Seriously, let’s think about this. My wife walks into the living room and says I have done/am doing something that hurts and offends her. I respond, “we just need to put our differences aside and move forward.” In that one line, I have dismissed her and communicated that her feelings and hurt are not valid. Do you think things will get better? Clearly, the answer is no. So, why try this with issues of diversity?
The problem is not that we see difference; it’s how we respond once we recognize difference. To teach diversity in the cracked-egg manner ignores how our great nation has responded to difference in the past—slavery, Jim Crow, xenophobia, and Islamophobia to name a few. It serves as a deflection from having serious conversations about race and privilege. I doubt many remotely rational citizens would disagree that there is no internal difference between our Muslim brothers and sisters; but I have no trouble finding individuals—post the latest attacks on Paris—who have no trouble dispensing hate and fear wholesale toward this group.
I have had friends talk honestly about the trepidation they felt toward African Americans, particularly African American males, after they had their home burglarized. If we are all the same on the inside, what is it that resides within us that causes us to respond with anger and fear to entire people groups when we are offended by a single member of that group. How do we purge whatever this hate producing thing is so we can “love our neighbor as ourselves?”

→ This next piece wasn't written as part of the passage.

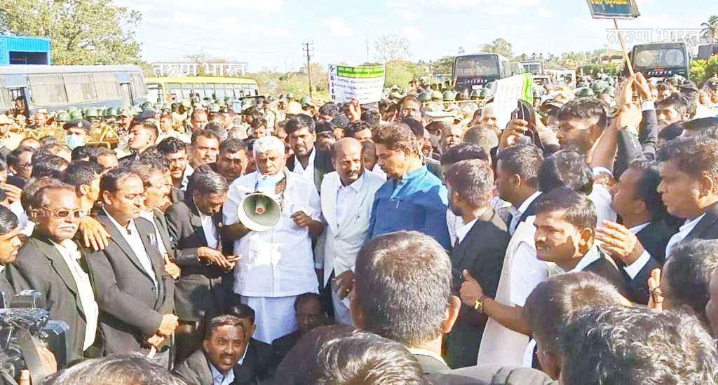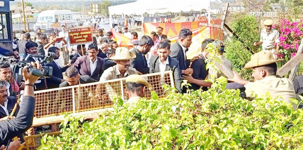 वकील सुरक्षा कायदा करण्यात यावा, या मागणीकरिता यापूर्वी न्यायालयीन कामकाज बंद ठेवून आंदोलन छेडण्यात आले होते. या मागणीची पूर्तता करावी, याकरिता मंगळवारी राणी चन्नम्मा चौकातून सुवर्णसौधवर मोर्चा काढण्यात आला. सुवर्णसौध येथे धरणे आंदोलनासाठी जाणारा मोर्चा हलगा क्रॉसजवळ पोलिसांनी रोखून धरला. बॅरिकेड्स लावून वकिलांना पुढे जावू दिले नाही. पोलिसांनी राष्ट्रीय महामार्गावर कडे तयार केले. तरीदेखील काही वकिलांनी पोलिसांचे कडे तोडून सुवर्णसौधकडे कूच केली. यावेळी काही वकिलांनी शेतवडीतून धाव घेऊन सुवर्णसौध गाठले. मात्र त्या ठिकाणीदेखील तैनात केलेल्या पोलिसांनी वकिलांना रोखून धरले. या दरम्यान बॅरिकेड्सला धक्का देऊन पुढे जाण्याचा प्रयत्न वकिलांनी केला. पण पोलीस तसेच रॅपिड अॅक्शन फोर्सच्या जवानांनी वकिलांना पुढे जावू दिले नाही. यावेळी लावण्यात आलेले बॅरिकेड्स ओढून काढण्याचा प्रयत्न आंदोलकांनी केला. यादरम्यान पोलीस व आंदोलक वकिलांमध्ये झटापटी झाली. दुपारी अडीच वाजता राष्ट्रीय महामार्गावर हे आंदोलन सुरू झाले होते. यावेळी राष्ट्रीय महामार्गावरील वाहतूक एका बाजूने वळविण्यात आली. पण रस्त्यावर वाहनांच्या रांगा लागल्याने वाहतूक कोंडी झाली होती. पोलीस आणि आंदोलकांमधील झटापट तब्बल 1 तास सुरू होती. पोलिसांची वाहने आणि कुमक चारही बाजूने तैनात केली. पण अडकलेल्या वाहनांना जाण्यासाठी मार्ग करण्यात आला नाही. परिणामी हलगा क्रॉसपासून बेळगावपर्यंत वाहनांच्या रांगा लागल्या होत्या.
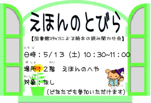 ゴールデンウィークはお天気の良い日が多かったですね。 みなさま、いかがおすごしでしたか? 図書館へもご来館ありがとうございました☆ 気がつけば、もう5月も2週目!第2土曜日13日は*えほんのとびら* があります。時間は10時30分から11時で、…

Colorblindness and ignoring difference is not the answer. We do not need less seeing; we need more seeing. The kind of seeing that moves beyond surface-level perceptions and misperceptions to soul-level understanding. This kind of observation cannot be achieved in isolation. It requires the lenses of others’ life experiences to help us see more clearly. Life experiences of those who do not think like, look like, act like, vote like, and live like us.

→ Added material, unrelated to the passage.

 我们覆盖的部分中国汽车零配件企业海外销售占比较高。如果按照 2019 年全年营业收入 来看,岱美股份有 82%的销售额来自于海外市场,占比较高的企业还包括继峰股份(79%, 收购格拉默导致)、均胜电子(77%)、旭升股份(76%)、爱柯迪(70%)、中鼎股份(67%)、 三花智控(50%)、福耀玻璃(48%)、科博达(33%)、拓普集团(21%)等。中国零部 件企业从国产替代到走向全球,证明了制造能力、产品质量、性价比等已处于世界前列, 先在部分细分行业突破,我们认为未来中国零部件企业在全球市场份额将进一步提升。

Think of the people in your inner circle, those who know your good and your bad. I’m talking about those who have seen your ugly cry, the ones you would if you needed gas money or bail money. Chances are, if you are like the majority of the American populace, you have surrounded yourself with others who are just like you. This is natural. We are most comfortable around those who are racially and socioeconomically similar to ourselves. Comfort is nice, but discomfort is essential to growth.
"Approximately 40 percent of white Americans and about 25 percent of non-white Americans are surrounded exclusively by friends of their own race..." - Reuters
It should then be of little surprise how heated the debate on race has become. Without relationships with individuals who are different than us, we do not reap the benefits of learning from their experiences and having our personal beliefs shaped by facts rather than rhetoric from political pundits and Facebook posts.
If adults are not having these meaningful conversations, chances are our students are not having them either.
We must move away from comfortable, isolated lives to lives that are shaped by the rich perspective others have to offer.
We must commit ourselves to respect and seeking to understand more than we seek to be understood.
We must stop listening with the intention of responding and begin listening with the intention of learning more.